I am new to Theano... My apologies if this is obvious.
I am trying to train a CNN, based on the LeNet tutorial. A major difference with the tutorial is that my dataset is too large to fit in memory, so I have to load each batch during training.
The original model has this:
train_model = theano.function(
x: train_set_x[index * batch_size: (index + 1) * batch_size],
y: train_set_y[index * batch_size: (index + 1) * batch_size]
train_model = theano.function([x,y], cost, updates=updates)
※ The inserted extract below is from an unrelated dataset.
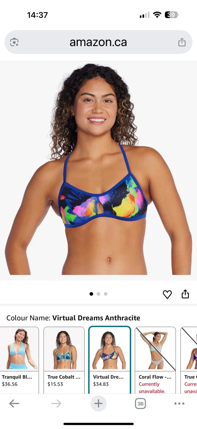 Selling a Speedo swim top from the Vibe Collection! It's a size XS and features a fun, colourful design. Made from recycled plastic bottles, it's a great choice for swimming or lounging by the pool,still in the box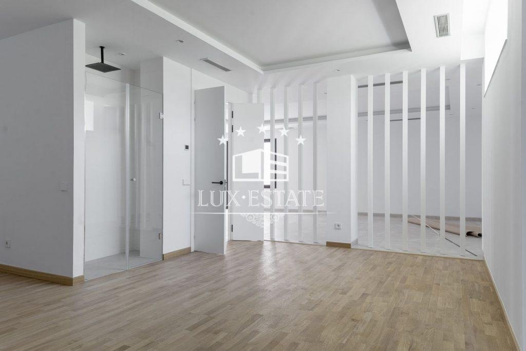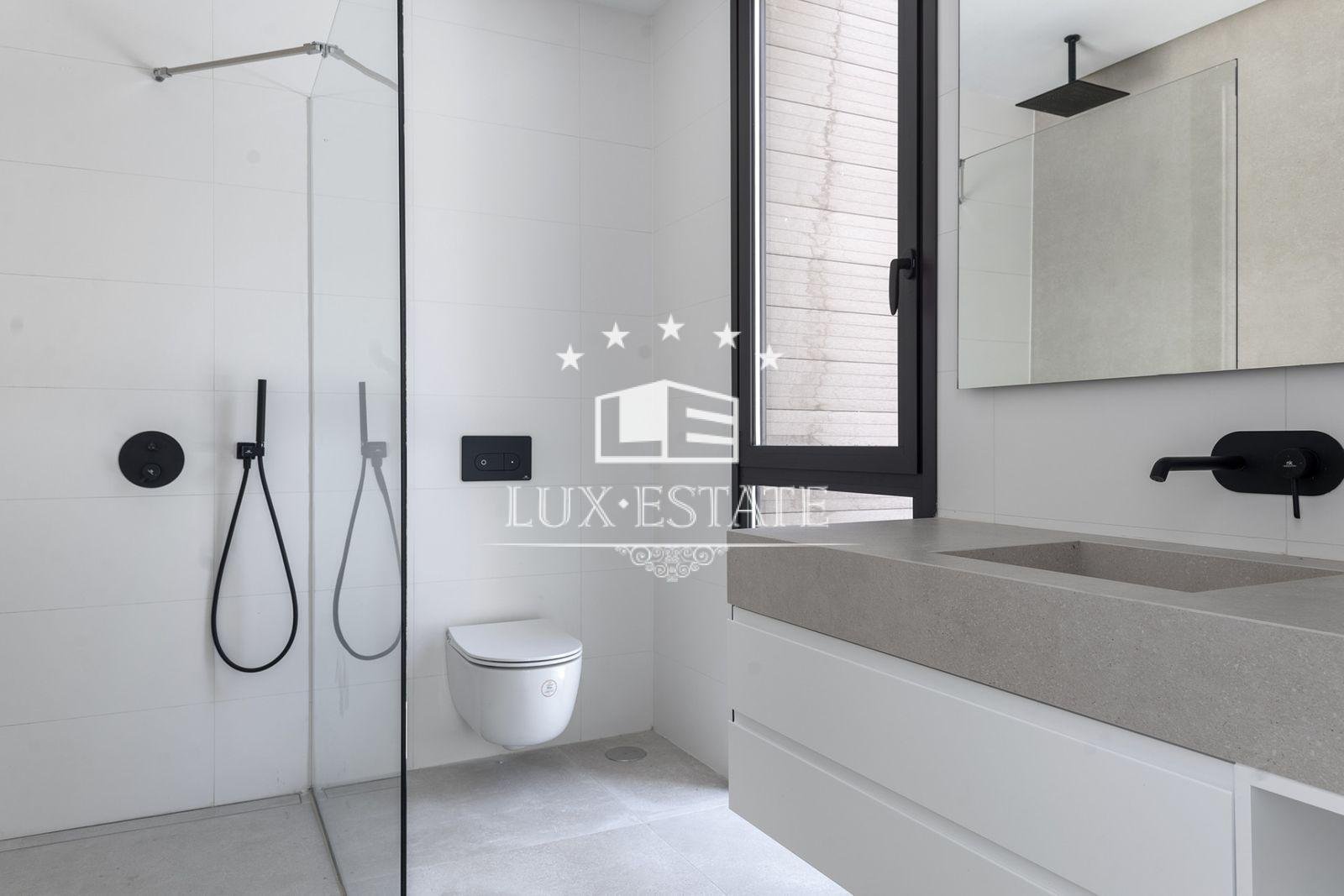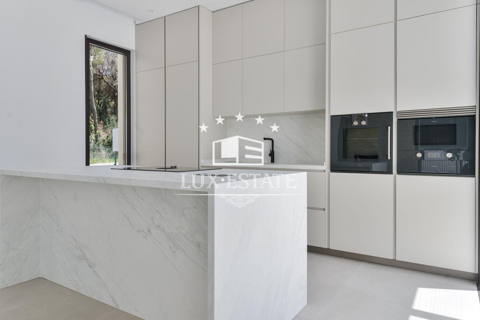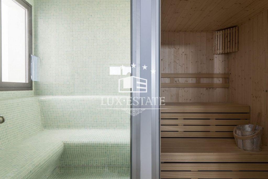 The villa occupies a plot of 885 sqm with a total living space of 730 sqm. It boasts a capacious 225 sqm terrace and has four bedrooms plus five bathrooms. Inside, the property features a roomy lounge, a top-of-the-range kitchen furnished with high-quality appliances and furniture. The villa also boasts a private lift linking every level, a cinema, sauna, and hammam, as well as underfloor heating.

data, target = load_data(minibatch_index) # load_data returns typical numpy.ndarrays for a given minibatch
data_shared = theano.shared(np.asarray(data, dtype=theano.config.floatX), borrow=True)
target_shared = T.cast(theano.shared(np.asarray(target, dtype=theano.config.floatX), borrow=True), 'int32')
cost_ij = train_model(data_shared ,target_shared )
TypeError: ('Bad input argument to theano function with name ":103" at index 0(0-based)', 'Expected an array-like object, but found a Variable: maybe you are trying to call a function on a (possibly shared) variable instead of a numeric array?')
All inputs to compiled Theano functions (i.e the output of a call to
theano.function(...)) should always be concrete values, typically scalars or numpy arrays. Shared variables are a way to wrap a numpy array and treat it like a symbolic variable but this is not necessary when the data is being passed as an input.
So you should be able to just omit wrapping your data and target values as shared variables and do the following instead:
cost_ij = train_model(data, target)
Note that, if you're using a GPU, this means your data will reside in the computer's main memory, and each part you pass as input will need to be copied to the GPU memory separately, increasing overhead and slowing it down. Also note that you will have to divide your data up and only pass part of it; this change of approach won't allow you to do GPU computations over your whole dataset at once if the whole dataset won't fit in GPU memory.